I medici sostenevano fosse l'ideale per il suo tipo di problema. Continuavano a pronunciare le stessa identica parola per ognuno dei suoi disturbi.
Nevrosi. Nevrosi. Nevrosi.
Bee non afferrava quel concetto, si sentiva solo molto malata ad essere apostrofata con un epiteto simile; due uomini che, facendola stendere su un lettino, tentavano di comunicare con lei.
Usufruivano del loro tono indifferente e velatamente disponibile; la facevano sentire come se a parlare fosse la sua coscienza, come se rispondendo nessuno l'avrebbe potuta sentire.
Le avevano estrapolato dalle corde vocali delle brevi repliche; bisbigliate con un tono accartocciato e sporco. Le avevano chiesto spesso di ripetere, ma temendo l'errore lei arrossiva. Avvicinava le gambe al petto e lasciava andare la propria posizione comoda e rilassata.
Pensava di aver sbagliato a dare loro tanta fiducia, di aver detto la cosa errata. Di averla detta male.
Ryan sarebbe venuto il giorno dopo e lei non stava nella pelle. Forse era anche quello uno dei motivi per cui si era dimostrata tanto disponibile al "dialogo" quel giorno. E sarebbe stato l'unico, se l'era ripromesso.
Stupida ingenuità, continuava a dirsi.

Il tutto non riguardava solamente una piaga che aveva preso il suo carattere; quel mutismo non era solo un meccanismo di autodifesa, non vi era alcuna sorta di ribellione in ciò che faceva. Più semplicemente, Beatrice aveva paura della sua stessa voce, era terrorizzata da ciò che questa avrebbe potuto fare o le sarebbe stato fatto. Ne odiava il suono, la funzione, il colore, il motivo per la quale veniva utilizzata.

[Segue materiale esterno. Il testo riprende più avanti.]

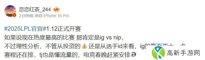 直播吧1月2日讯 2025LPL赛事将于1月12日开赛,微博爆料人恋恋红茶发文:“如果说现在热度最高的比赛,那肯定是ig vs nip,不过理性分析,不管从投资的还是从选手id来看,ig的赢面更大一点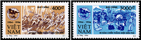 * “Kỷ niệm 40 năm chiến thắng Điện Biên Phủ” gồm hai mẫu tem, phát hành ngày 7-5-1994;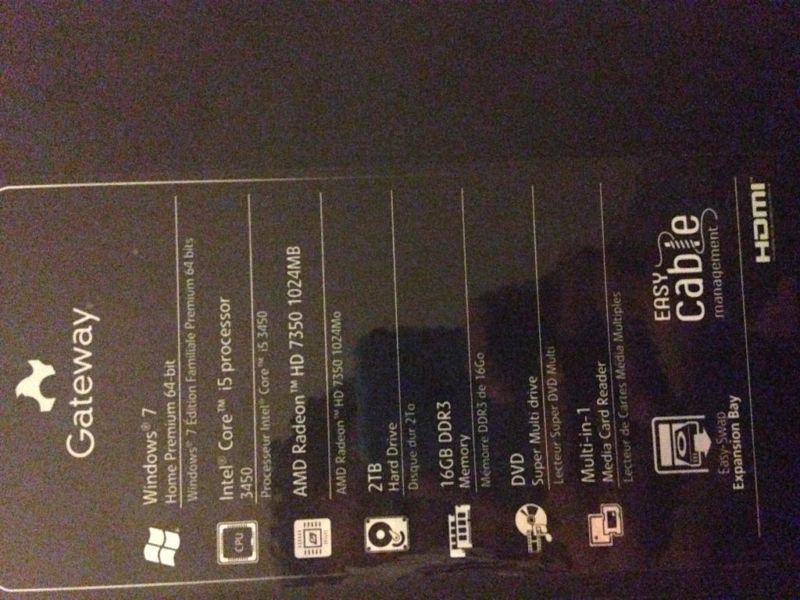 Gateway Gateway DX48 Core i5 3.1Ghz 16GB 2TB ATI HD7350 W7 Deskt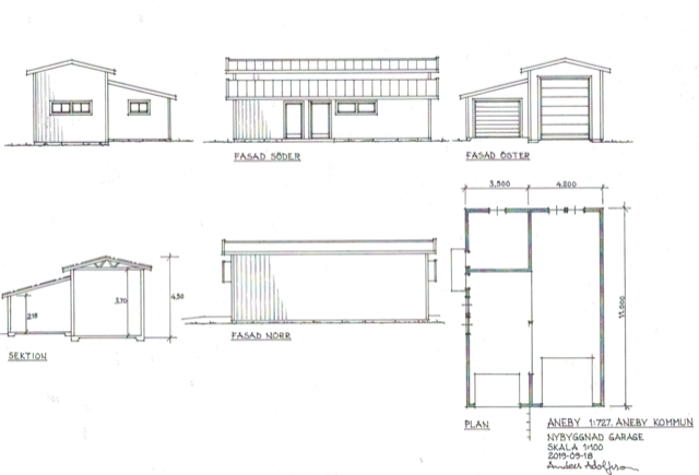 Så var det tisdag, helgerna är över och snickarna är tillbaka. En man monterade upp hängrännor och stuprör på huset och två man har börjat resa stommen till garagen. Men oj vad högt det kändes. Detta trots att golvet i garaget är nedsänkt 260. Lillbilen skall stå tillvänster i låga delen.

Riteneva che nessuno più dicesse ciò che cera essenziale; che tutti comunicassero sproloquiando sui discorsi, gli oggetti, i soggetti più inutili e successivamente s'intestardissero nel silenziare su ciò che di fondamentale vi era. Lei avrebbe parlato solo nel momento in cui la sua voce sarebbe stata indispensabile, e in un certo senso così era.

Il problema nasceva dal momento in Bee cui si rendeva effettivamente conto di aver emesso dei suoni e per questo si spaventasse; come se la sua voce avesse una qualche sorta di potere. Come se per colpa di questa qualcuno potesse rimanere ferito.

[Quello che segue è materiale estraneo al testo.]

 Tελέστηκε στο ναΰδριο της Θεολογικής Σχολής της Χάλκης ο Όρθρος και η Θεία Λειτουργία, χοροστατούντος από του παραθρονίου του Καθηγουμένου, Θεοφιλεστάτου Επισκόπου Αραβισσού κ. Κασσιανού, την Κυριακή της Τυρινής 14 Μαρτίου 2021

Che c'era poi di tanto strano, si chiedeva, nel voler mostrare discrezione; che c'era mai d'importante da dire in quella pigra e tersa città.
-Ciao!- Bee si risollevò dalle proprie congetture. Il silenzio era andato in frantumi e per questo, ne era convinta, chi aveva parlato era a lei che si rivolgeva.
Sollevò il capo dallo sguardo puntato che teneva verso terra, posandolo sulla figura che le si parava davanti.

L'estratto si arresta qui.